We examine five specific conditions from the populations available in Table 1 below. We will be studying adult asthma, childhood asthma, COPD, MI, and DVT. Childhood asthma will be defined as self-report of a doctor's diagnosis with confirmation of a doctor's diagnosis by a medical record or current wheezing symptoms and a doctor's diagnosis within the past year. Adult asthma will be defined as self-report of a doctor's diagnosis with chart confirmation and/or current wheezing or asthma medication within the past year. COPD will be defined as self-report of a doctor's diagnosis or FEV1 % predicted <70% predicted on two successive yearly spirometric examinations. Myocardial infarction will be defined by the DWO criteria of classic symptoms plus enzyme or EKG changes consistent with myocardial infarction. All myocardial infarctions are chart confirmed. Deep venous thrombosis will be confirmed by physician diagnosis of deep venous thrombosis with the presence of a positive venogram and impedence plethysmography or ultrasound. While intermediate phenotypes are available for many of our studies, all studies have stable, consistent diagnoses that will allow pooling of results across studies and there is no intent to use intermediate phenotypes for anything more than diagnostic validation and confirmation for this PGA.
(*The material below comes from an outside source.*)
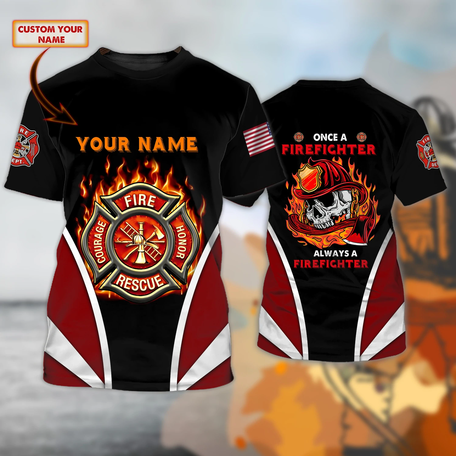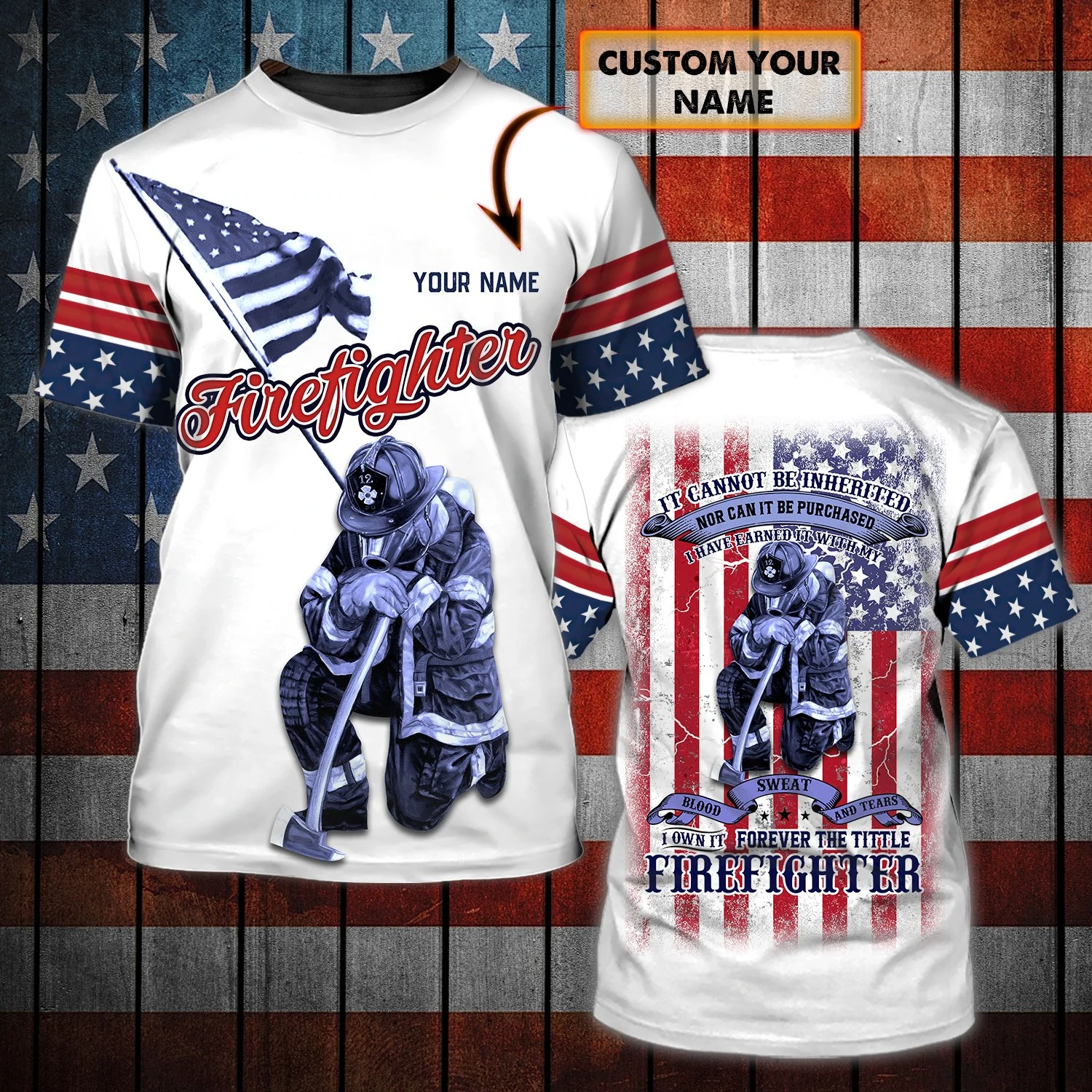 Customize Name Firefighter 3D All Printed T-Shirt For Men, Firefighter Gift, Fireman Shirt
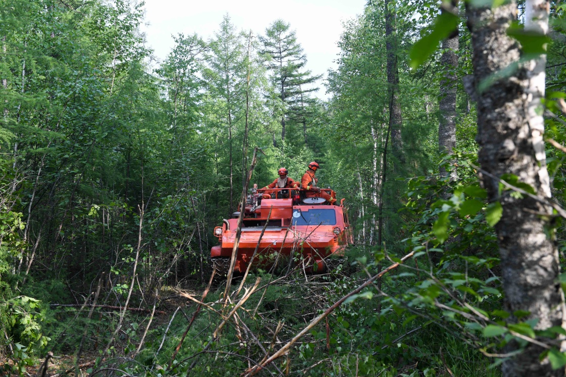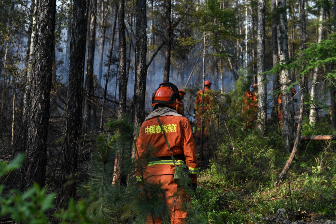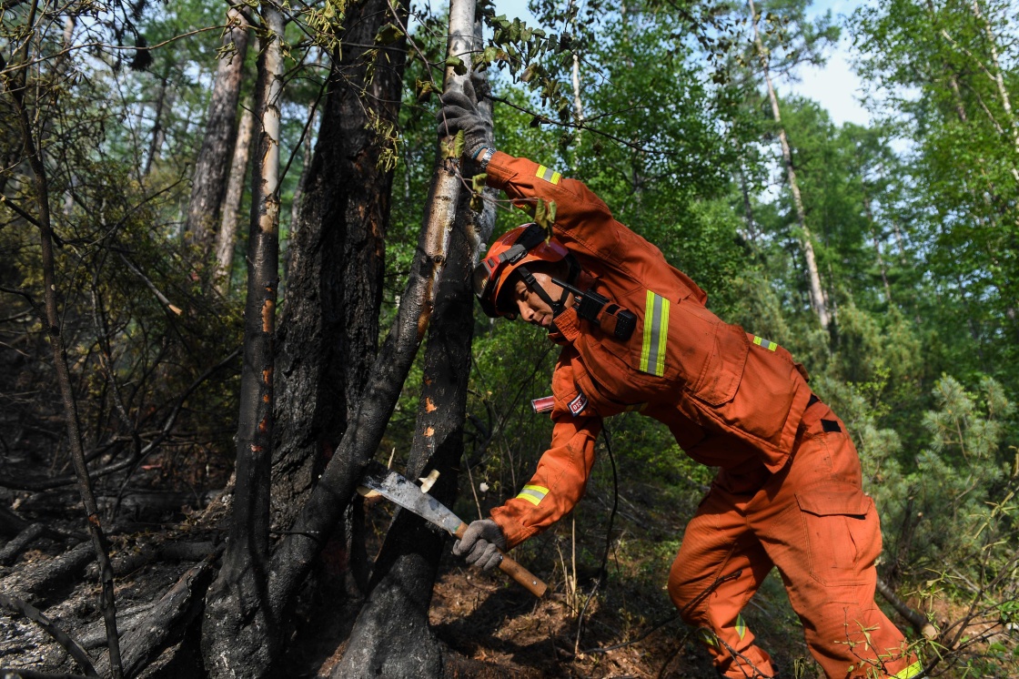 6月22日,成功合围后,呼伦贝尔市森林消防员在秀山林场火灾南线清理火烧过的树木。新华社记者 刘磊 摄

Seventy cases from each available ethnic group (Hispanics, non-Hispanic White, and African American) and from each of the these lung diseases under study (childhood asthma, adult asthma, COPD), with only one ethnic group (non-Hispanic) for myocardial infarction (MI) and deep venous thrombosis (DVT) will be obtained from the available populations (Table 2). Sufficient subjects are available for 8 of the 11 possible cells, from our populations (Table 2). A group of 140 controls without the disease are available for each of the 8 cells for which cases are available. Based on the above description, a total of 1680 individuals will be genotyped for each of the newly discovered polymorphisms.
CASE AND CONTROL SELECTION FOR ASSOCIATION STUDIES
TES = Tucson Epidemiologic Study
The meaning of race in PhAT Data
For the purposes of the data presented here race refers to the self designation of a racial or ethnic group by the respondent in the above named studies and cell lines. The investigators realize that there are more specific designations for each of the ethnic groups reported here and that these self designations may be inaccurate and/or misleading and should only be used for hypothesis generation purposes. It is a well known genetic fact that genetic variation within self designated ethnic groups is greater than between ethnic groups and these data should not and indeed cannot be used to generalize to a whole race. It is also recognized that race or ethnic groups are social constructs that may (or may not) be a proxy variable for variation in SNP presence or allele frequency. At best, they may offer a clue as to what might be found in a larger outbred population in the US.